Decentralised power

Monday, 17 October 2016 00:01 -     - {{hitsCtrl.values.hits}}

Following yet another breakdown of Norochcholai, the Power Ministry has warned that Sri Lankans would have to brace themselves for power cuts unless electricity is used sparingly.

The lack of coal power could result in one-sixth of a shortfall and industry owners have been urged to use generators this week. As Sri Lanka mulls its way forward on power, increasingly errant weather patterns and contentious policymaking create a case for massively encouraging solar power for domestic use. The Public Utilities Commission of Sri Lanka (PUCSL) last month approved the long-term generation plan of the CEB, which covers the years up to 2034. In it the CEB had previously stated the Sampur coal power plant would only come into play from 2021 and therefore the State monopoly has till April of 2017 to propose an alternative. Therefore it is clear the absence of a second coal power plant would not be the cause behind a possible power shortage in 2018.
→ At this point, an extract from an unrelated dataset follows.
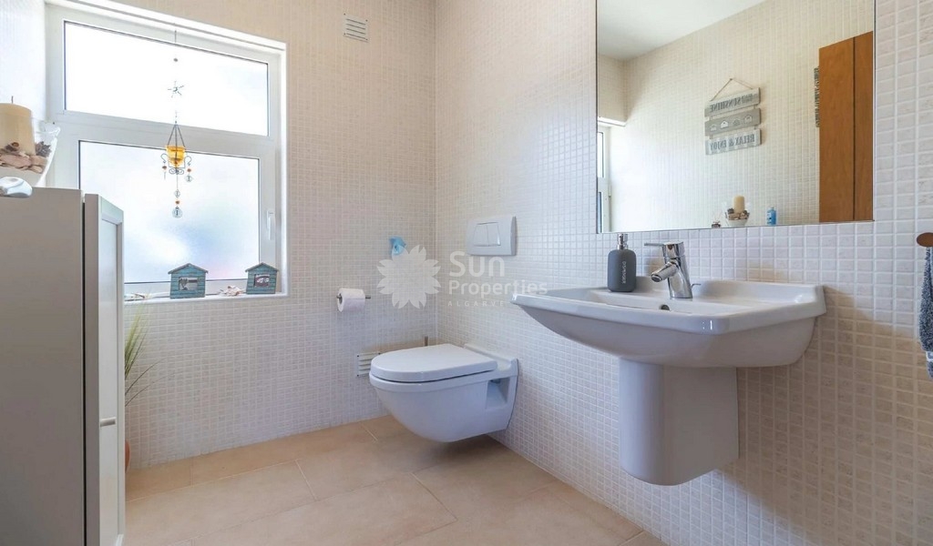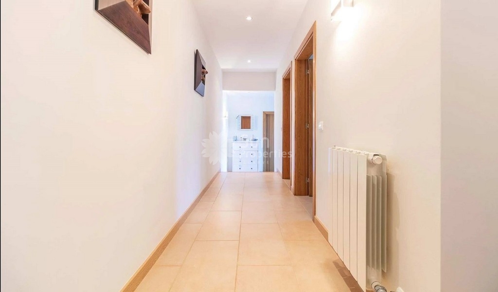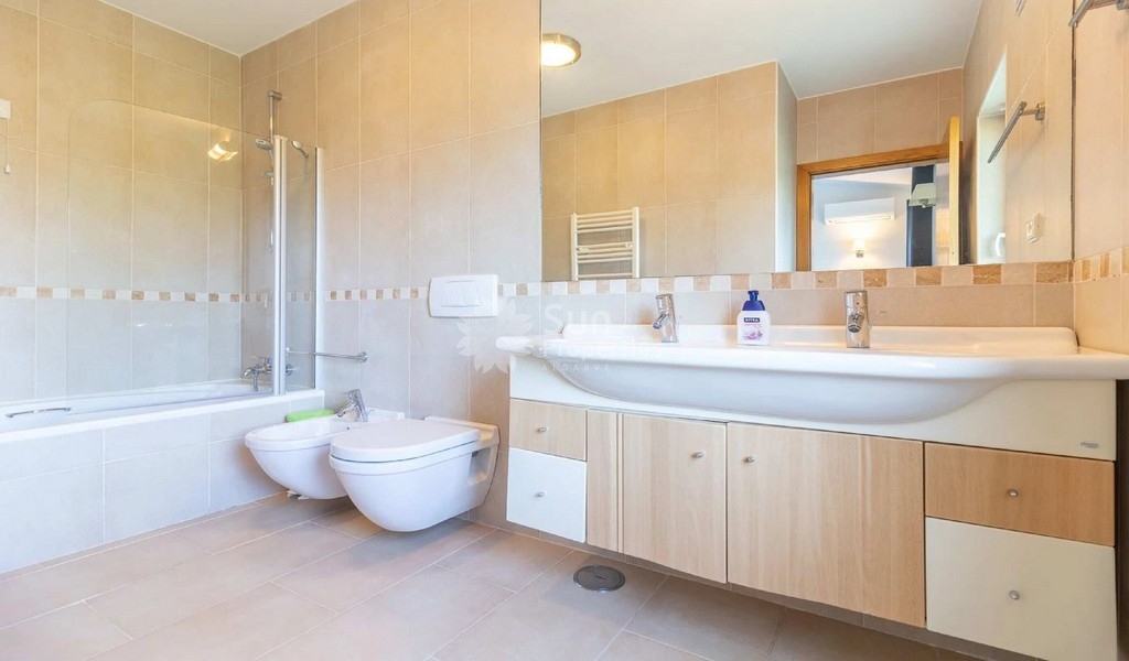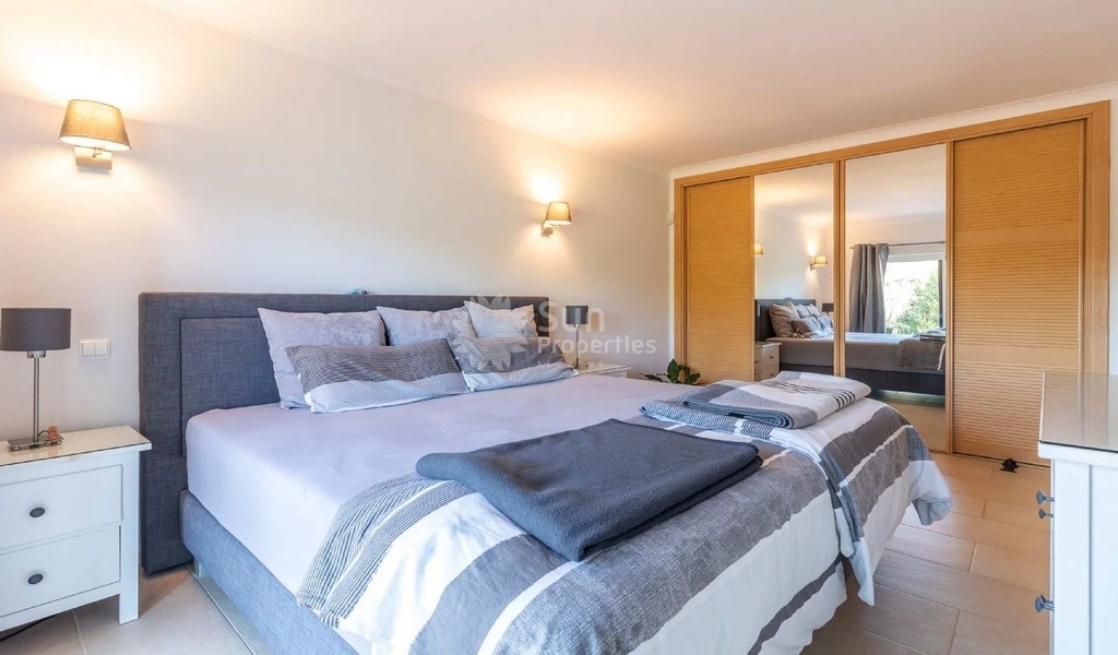 In the lower plan, we find 3 spacious bedrooms with fitted wardrobes that share the fantastic golf view. The ensuite room has a bathroom with bathtub and natural light and the other rooms share a large bathroom with shower. We also found a spacious storage room and all rooms have access to the garden.

However, the PUCSL does agree that a power crisis is in the pipeline, mostly brought on by increasing consumption and the CEB depending excessively on a combination of coal and hydropower for the better part of the last decade. This has left thermal and renewable energy at low levels, the latter in particular still makes up less than 10% of the country’s total generation. Everyone agrees that more investment is needed in the sector but no one can agree on what type of generation to spend money on. The PUCSL in approving the CEB’s generation plan has insisted on rapid implementation of several new power plants to avert a possible energy shortage and demanded a detailed timeline be submitted before the end of this month. The plants include two thermal power plants with a capacity of 170 MW in the Southern region, 105 MW gas turbines, a 300 MW natural gas power plant and several renewable energy power plants with the capacity of 655 MW that include three major hydropower plants. Accordingly about 1,230 MW would be added to the national grid during the next four years.  Right now there is little indication of how these projects will be funded. LNG will likely be from India but as a new technology could face the same challenges as Norochcholai, though for the sake of the country one is inclined to pray otherwise. In such an environment one of the easiest ways to reduce dependency on the national grid is to allow solar panels to be imported with less taxes and domestic consumption to go off-grid. This would also massively improve the percentage of renewables. The world is spending heavily on renewable energy and finding its higher returns are reshaping the direction of the energy industry for decades to come. Renewables provided more bang for the buck last year because the cost of installations and financing declined, says the latest report released by the International Energy Agency.

A Bloomberg analysis on the report found the capacity of new renewable energy installations coming online surged 40% in five years even though investment in those technologies slid 2% to $ 288 billion. The findings indicate the world is shifting slowly toward less polluting forms of energy, helping policymakers develop in the poorest areas while limiting greenhouse gas emissions blamed for global warming. Finance is driving the shift with more diverse sources of funding. Project finance loans surpassed company balance sheets as the biggest source of capital for renewables last year, the IEA data shows. 

Energy should be a platform for sustainable growth and not limited to just narrow decisions based on short-term costs. It could also help the Government’s endangered popularity.